Objective: Self-oscillating vocal fold models (SO-VFMs) (Thomson, 2024) realistically simulate complex physical aeroacoustic phenomena, allow for precise control over geometric parameters and material properties, and allow for examination of vocal kinematics, acoustics, and aerodynamics. Static and computational models have investigated the effects of geometric variables such as inferior and superior vocal fold surface angles (Li et al., 2006a), glottal angle (Li et al., 2006b), glottal entrance (Li et al., 2012) and exit (Scherer et al., 2001) radii, and vertical glottal duct length (Li et al., 2018, 2021) on intraglottal pressures and phonation threshold pressure (PTP). However, the effects of the above M5 geometric variables on phonatory outcome measures such as PTP have not yet been empirically studied in a (silicone) physical vocal fold model. Such research is essential to validate computational modeling results and to examine the effects of these previously unexamined vocal fold model geometric variables for purposes of model optimization (i.e., to increase model realism) as SO-VFMs often have higher than typical human onset pressures (May & Scherer, 2023; Thomson, 2024)

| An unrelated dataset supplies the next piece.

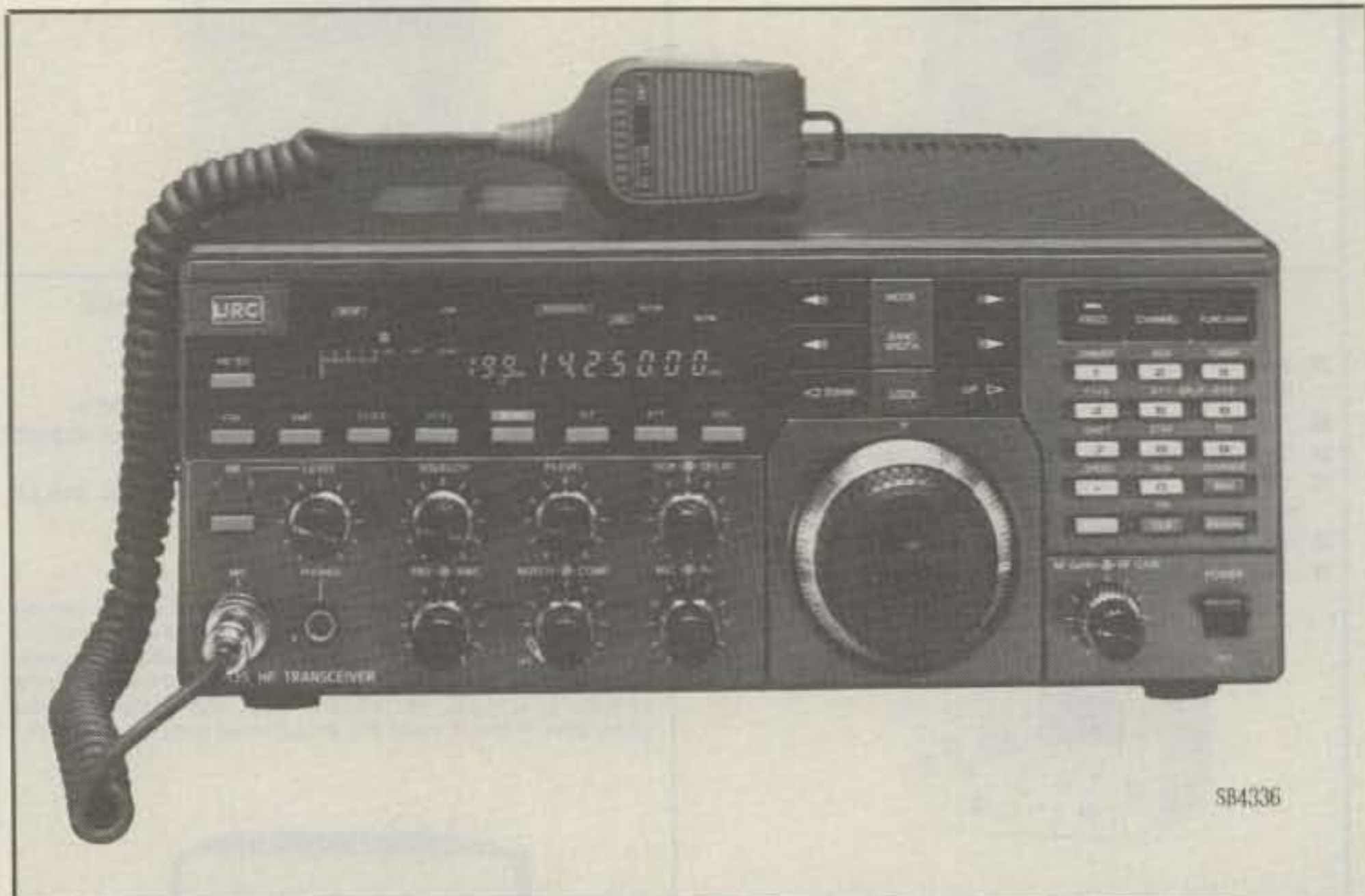
The JST-135HP transceiver from Japan Radio Corp.

The transmitter uses a low-distortion power amplifier which features a large combiner transformer. Its Class A driver stage uses the same transistor as the final stage in order to reduce any third-

Methods/Design: The M5 vocal fold shapes (Scherer et al., 2001b) have been widely used in mathematical and physical modeling of the human voice (Thomson, 2024). In the current study, modifications to the M5 geometry will be explored using physical single-layer isotropic silicone SO-VFMs. The effect of inferior and superior vocal fold surface angles, entrance and exit radii, intraglottal convergence/divergence angle, vertical vocal fold thickness, and vocal fold length on glottal aerodynamics (PTPs), acoustics (f0), and kinematics (e.g., max glottal width, OQ) will be experimentally explored using a bench set-up similar to May & Scherer (2023) but without a vocal tract. Three levels of each variable within the range of expected human values (Nanayakkara, 2005) will be examined and replicated in two identical pairs of vocal fold models per experimental condition. Adduction level and material properties (e.g., Young’s moduli) will be held constant. Results from the various geometric conditions will be examined to determine the optimal condition for reducing PTP.

Results: Results of prior research by Li et al. (2006a, 2006b, 2012, 2021), Scherer et al. (2001a), and Zhang (2023) will be tested using a physical silicone SO-VFM. Prior studies in our lab using SO-VFMs have successfully examined the relationship between vocal tract constrictions (May & Scherer, 2023) and SOVT tube geometry (May, Scherer, & Meyer, in review) and aerodynamic threshold measures.

Conclusions: The current laryngeal modeling work seeks to improve on the methodology used in prior research to optimize the geometry of the M5 vocal fold model to yield reduced PTPs that more closely replicate human phonatory conditions. Based on the success of this prior work, the probability is high that the current project will succeed methodologically and provide insight into the relationship between vocal fold geometric variables and glottal aerodynamics.